Capital is an essential measurement of a bank's financial fortitude. It acts as a cushion against losses and affords protection for depositors when a bank is struggling financially. When it comes to safety and soundness, the higher the capital, the better.

De Witt Bank and Trust Company scored above the national average of 13.13 points on our test to measure the adequacy of a bank's capital, racking up 26 out of a possible 30 points.

A bank's Tier 1 capital ratio is an important measure of this buffer. De Witt Bank and Trust Company's Tier 1 capital ratio was 28.00 percent, higher than the 6 percent level regulators consider adequate, and above the national average of 25.65 percent. The higher the capital ratio, the better the bank will be able to stand up to financial downturns.

Overall, De Witt Bank and Trust Company held equity amounting to 19.48 percent of its assets, which exceeded the national average of 12.03 percent.

Asset Quality Score

Bankrate uses this test to estimate the impact of problem assets, such as past-due loans, on the bank's capitalization and allocated loan loss reserves.

Having extensive holdings of these kinds of assets may eventually force a bank to use capital to cover losses, diminishing its cushion of equity.

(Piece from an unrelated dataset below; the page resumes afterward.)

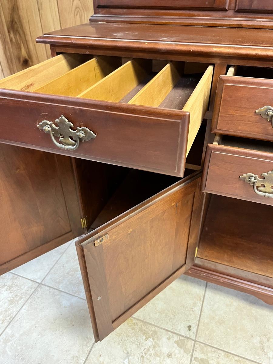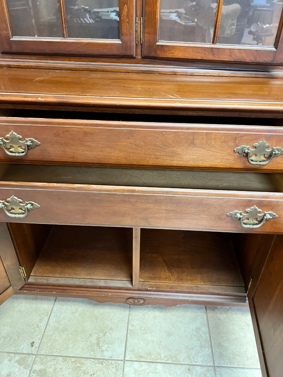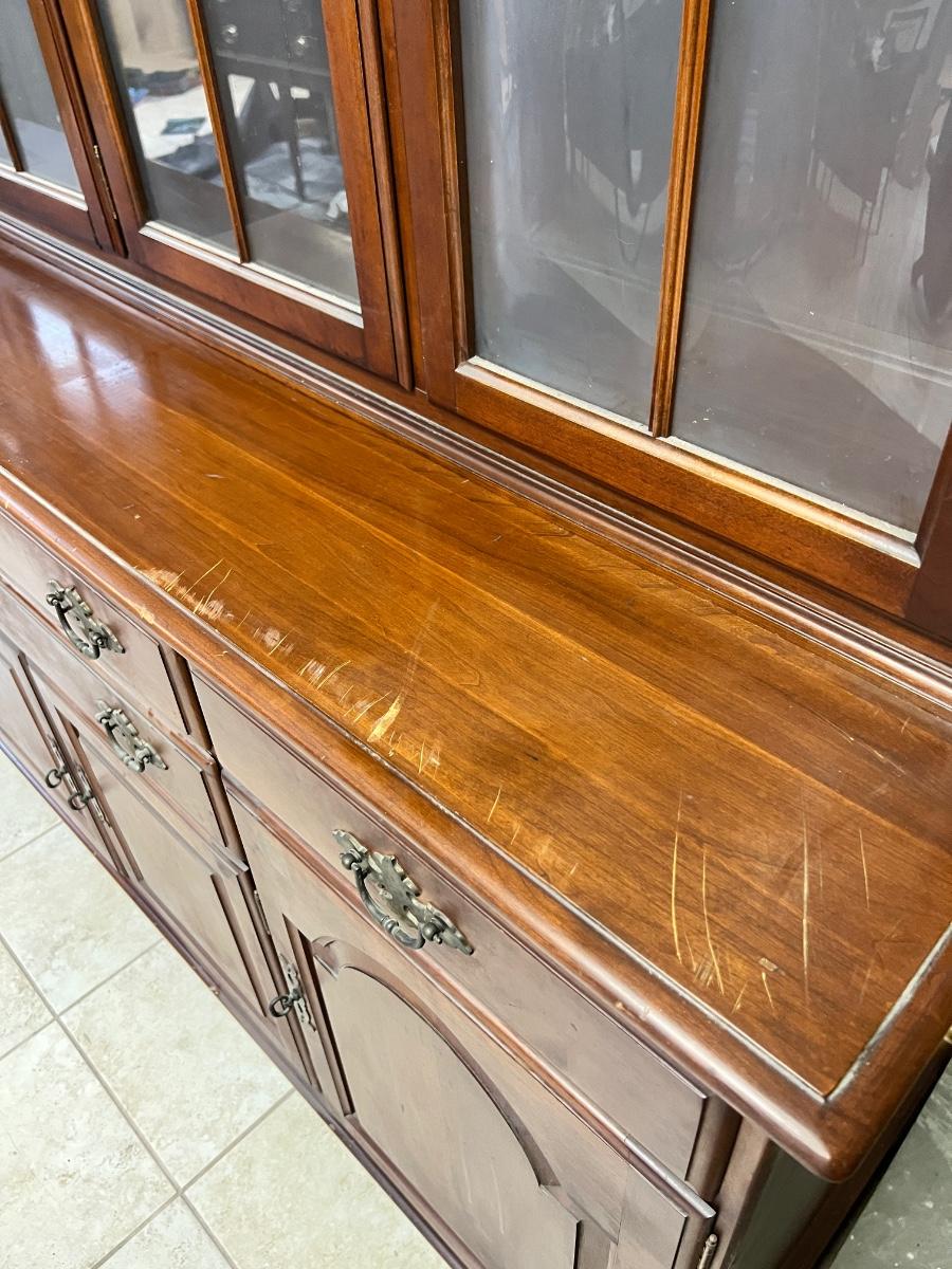 2 pieces totaling 78” tall. Scratches as shown in pics but a good solid quality piece. NOTE: PICK UP ONLY IN DUNKIRK MD.

It also means that there are likely to be many assets that are in non-accrual status and no longer earning interest for the bank, reducing earnings and increasing the chances of a future failure.

De Witt Bank and Trust Company scored 40 out of a possible 40 points on Bankrate's asset quality test, better than the national average of 37.49.

A handy indicator of asset quality is the percentage of problem assets a bank holds compared to its total assets. As of December 31, 2017, none of De Witt Bank and Trust Company's loans were noncurrent -- in other words, they were more than 90 days past due or were in non-accrual status. That's below the national average of 1.01 percent.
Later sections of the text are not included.